Whew! That’s a lot of work for you parents out there. And I’m sure there’s a bunch of stuff I’m missing. Running a business, even a pseudo business, is going to be a lot of work. But if you want your kids to have a kick-ass retirement—and can stomach the aggravation—the back door Junior IRA is a must. Check out the links below for a little motivation.
Why My 3 Year-Old Has a Roth IRA And Why Yours Should Too
The Case for Child Labor: Roth IRA for Kids
Final Thoughts
Suppose you did all of the above and put your children on the company payroll as soon as they turned five. Suppose also that each of your children contributed $1,000 a year to his or her custodial Roth IRA. How much money would your children have in their Roths when they turned 18? Assuming a 10% annual return, each would have nearly $27K. If your children continued to fund their Roths once they took complete ownership of them, and each contributed $100 a month until retirement, each would have $4.5 million in his or her Roth at age 67. If each contributed $200 a month, each would have $6.2 million.
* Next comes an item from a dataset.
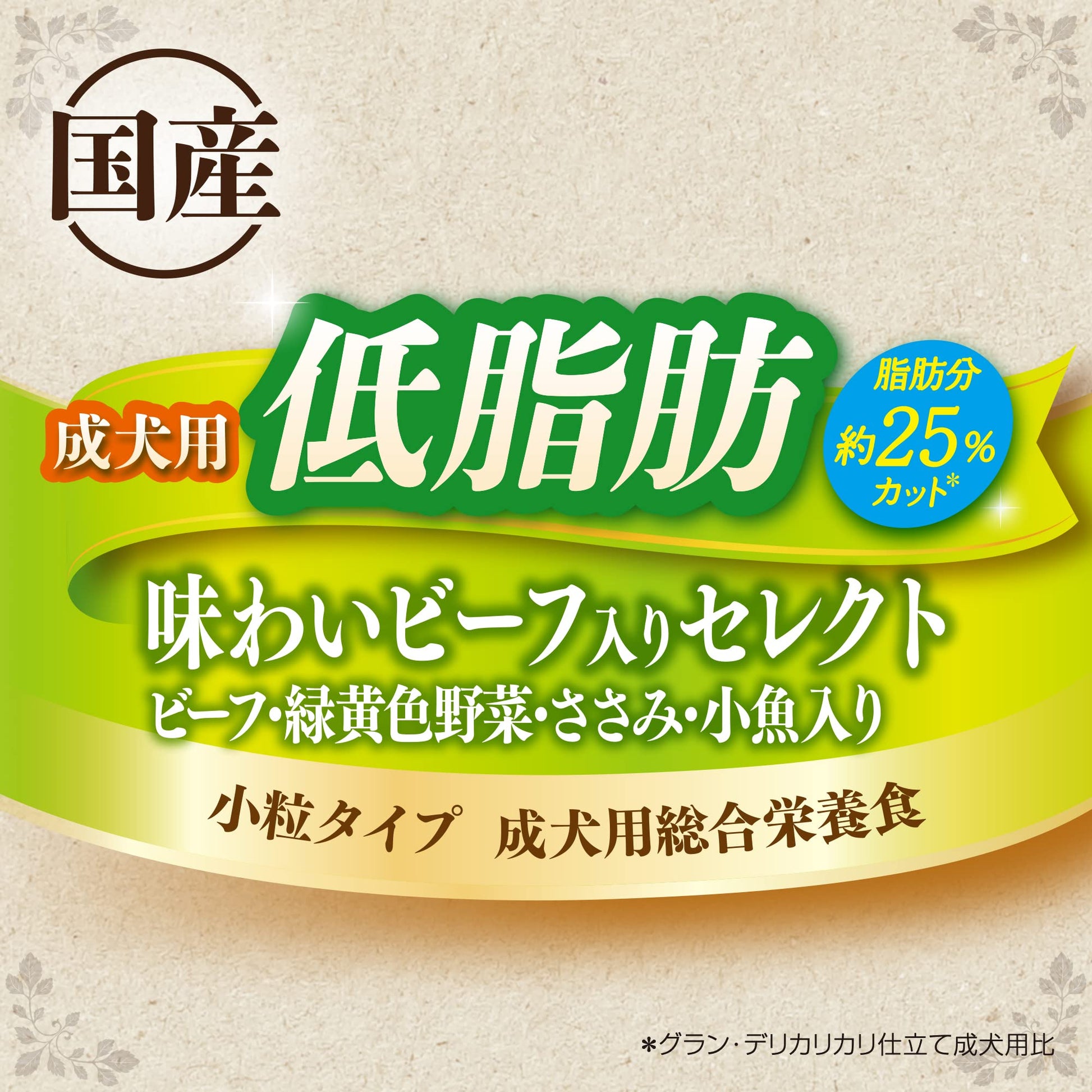 - 体重が気になる愛犬にぴったりの低脂肪設計※脂肪分約25%カット(グラン・デリカリカリ仕立て成犬用比)

If each contributed $500 a month, each would have $10.8 million.
Anyone remotely familiar with the core principles of personal finance knows the power of compound interest. The earlier you start investing the better. An 18-year-old has a much easier path to a million dollar portfolio than a 30-year-old. Likewise, a 5-year-old has a much easier path to a million dollar portfolio than an 18-year-old. The math is irrefutable. So if you have children under 16, especially young children, you owe it to them to start a business and set them up with back door Junior IRAs.
Okay, groovy freedomists, that’s all I got. Normally, when I finish a post, I’m elated. But finishing this one pissed me off. Why? Because giving our kids a leg up on retirement and financial independence shouldn’t be as hard as it currently is. All Congress has to do is get rid of the IRA work requirement for minors. This way, family, friends, businesses, churches, and charities can contribute to a kid’s Roth. But it’s never going to happen. We’re stuck with the current system. And the only ones likely to make the current system work for their kids are the rich and the financially sophisticated. Thank you Congress. I’m so glad we have you fighting for the little guy.